Last week, mortgage rates dropped below 8%, marking a significant decrease. Despite staying high, they plunged the fastest in 16 months, indicating a notable shift in the housing market.
In response to the decline in fixed mortgage rates, Chief Economist Mark Fleming from First American shares insights on what might motivate homeowners to enter the US housing market.
Mark Fleming acknowledged the substantial weekly shift in mortgage rates. He emphasized that even at 7.6%, it remains comparatively high compared to rates from just a few years ago.
Despite this, there is a sense of contentment as it represents a notable drop from the 8% mark. He says discussions about the Federal Reserve potentially halting rate cuts signal a returning sense of certainty to the market.
Mark Flemming’s outlook on the Mortgage rates
Fleming mentioned to Yahoo Finance that there are psychological benchmarks tied to key numbers. He highlighted the positive impact of mortgage rates dropping below 7%.
In Fleming’s view, mortgage rates dropping to below 6% or within the 5% range could prompt people to consider moving despite having relatively lower current rates.
Mark expressed optimism, suggesting that there might be further reductions in rates in the coming months. He conveyed a willingness to welcome any relief in the current market conditions.
Usually, the housing market is the first to dip into a recession when the Fed increases rates and the first to recover. However, this time is somewhat different.
Due to many people securing exceptionally low rates, the limited housing inventory is crucial in maintaining elevated prices.
Even with a slight rate decrease, Mark doubts it will alter the supply shortage dynamics.
Currently, 90% of mortgaged homeowners enjoy rates below 6%, and he doesn’t anticipate seeing a 6% rate anytime soon.
For potential homebuyers, the positive aspect is that real estate often takes the lead in responding to Federal Reserve movements, offering insights into market trends.
Whitney anticipates a housing market shift in 2024
Renowned analyst Meredith Whitney, famed for foreseeing the 2008 financial crisis, is now forecasting significant shifts in the housing market, with her predictions pointing towards dramatic changes set to commence in 2024.
She predicts a reversal of the current trends, foreseeing a decline in prices and an increase in the supply of homes for sale. It would be a shift that could alleviate the challenges many Americans currently face in home-buying.
Referring to AARP estimates, Whitney highlights that 51% of individuals over 50, a demographic owning over 70% of US homes, are poised to downsize to smaller residences.
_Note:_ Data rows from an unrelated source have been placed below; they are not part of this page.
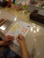 女性の方々はお花の絵を綺麗に塗っていました。男性は動物の絵を塗り、皆様、集中されていました。
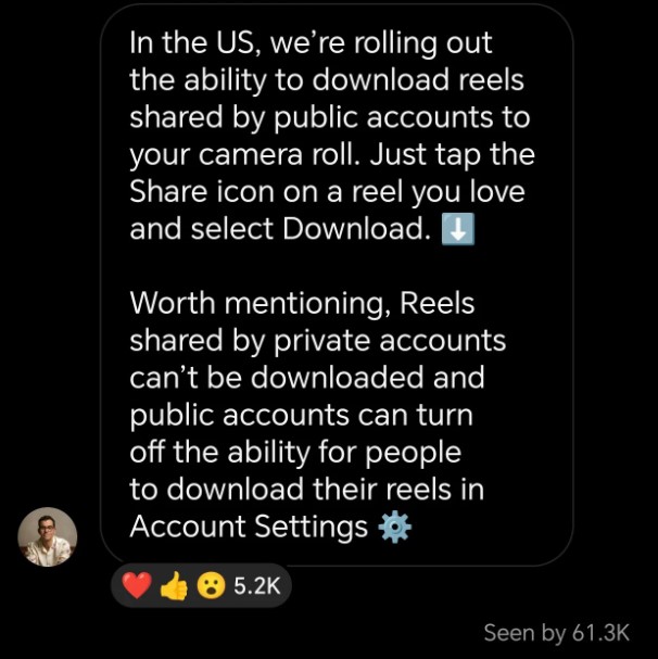 وتُظهر الصورة التي نشرها موسيري أن مقاطع الفيديو التي تمّ تنزيلها ستعرض علامة مائية عليها بشعار "إنستغرام" واسم الحساب، تماماً كما يفعل "تيك توك"، الذي تميّز بهذه الخاصيّة لفترة طويلة.
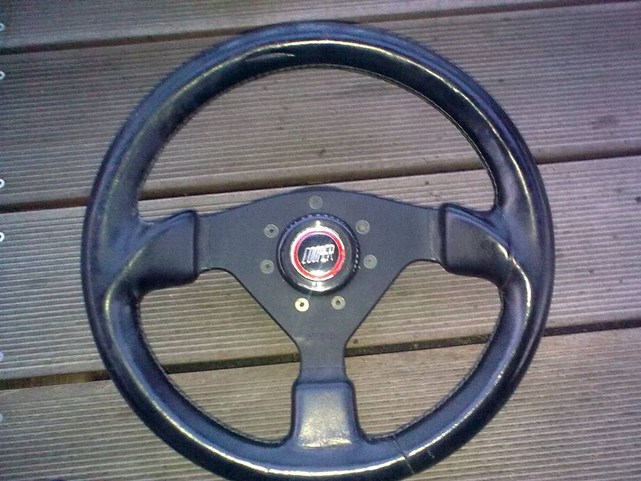 Lenkrad von O.B.A., Durchmessser 33-34 cm, mit Cooper Hupenknopf und Nabe.
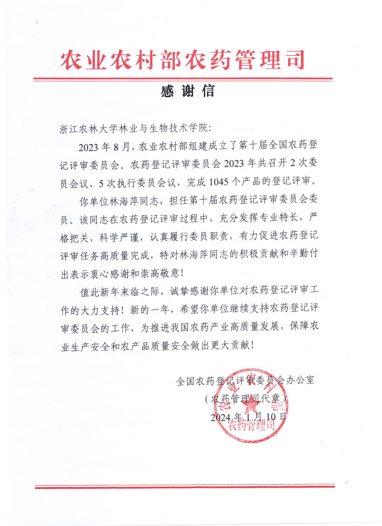 農業農村部農藥管理司向林生院發來感謝信
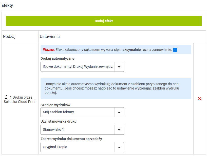 2. Na ekranie zobaczysz okno edycji nowej akcji automatycznej. Skonfiguruj akcję według własnych potrzeb (np. jako warunek ustawiając Dokument wystawiony) i dodaj efekt Drukuj przez Sellasist Cloud Print.
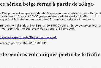 Cela perturbe évidemment de nombreux voyageurs en cette fin des vacances de Pâques. Certains redoutent de ne pouvoir partir tandis que d'autres s'inquiètent à propos de leur retour. Et beaucoup d'entre eux ont le même réflexe : visiter les sites Web des aéroports d'où ils devaient partir : celui de l'aéroport national et celui de Charleroi.
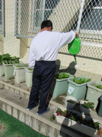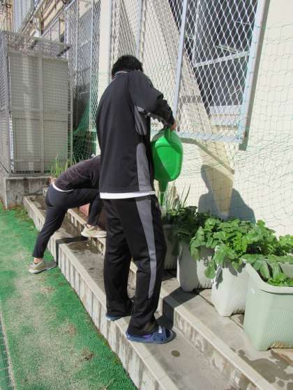 1組の生活の授業では、栽培している作物への水やりと雑草取りをしました。
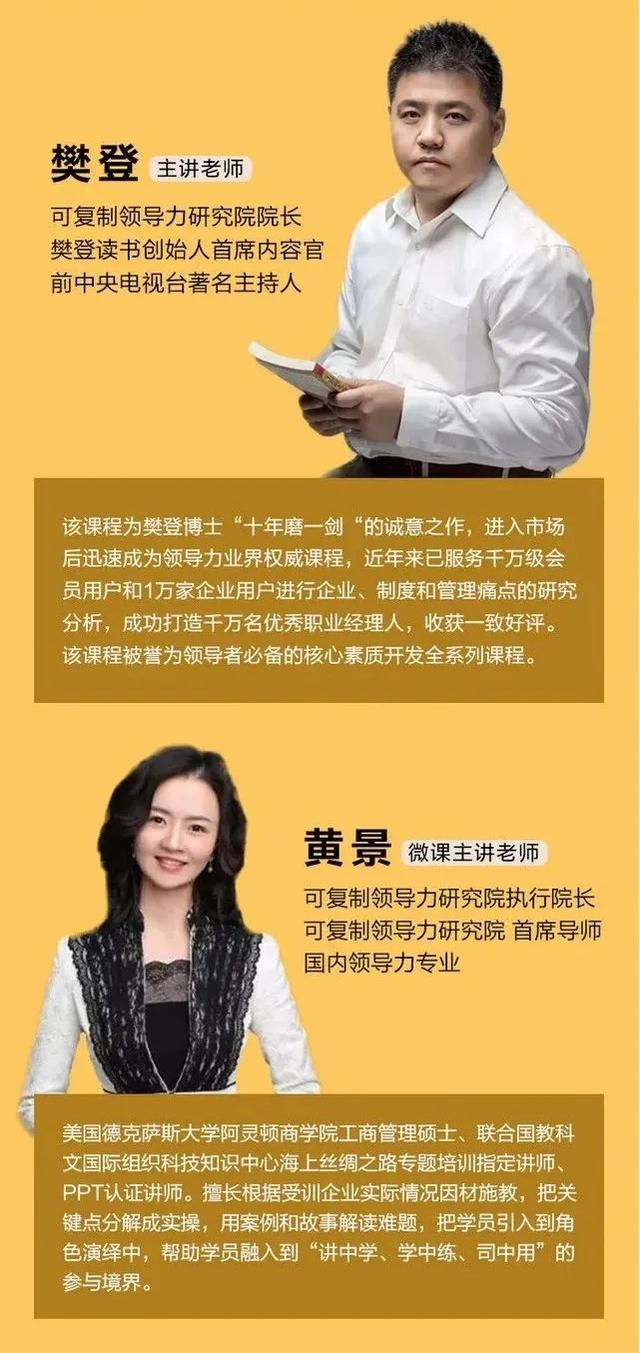 可复制领导力研究院由樊登博士担任首任院长,樊登博士十年磨一剑,研发打造“可复制领导力”课程,以“为中国培养合格职业经理人”为使命,致力于打造职业经理人的终身学习平台。

This potential shift could introduce more than 30 million housing units in the market.
Anticipating a significant change in the supply-demand dynamic, Whitney mentioned that the shift is expected to commence late next year, extending into 2025.
She characterizes it as a multi-decade cycle, emphasizing the substantial home equity Americans hold and posing the question of when they will choose to access it.
Mortgage rates dip, igniting a surge in demand and favorable loan terms
Last week marked the most significant one-week decline in mortgage rates over a year, leading to the first upswing in mortgage demand in a month.
According to the Mortgage Bankers Association’s seasonally adjusted index, total mortgage application volume increased by 2.5% compared to the previous week.
The average contract interest rate for 30-year fixed-rate mortgages, within conforming loan balances of $726,200 or less, dropped to 7.61% from 7.86%.
This decrease was accompanied by a decline in points to 0.69 from 0.73 (including the origination fee) for loans with a 20% down payment.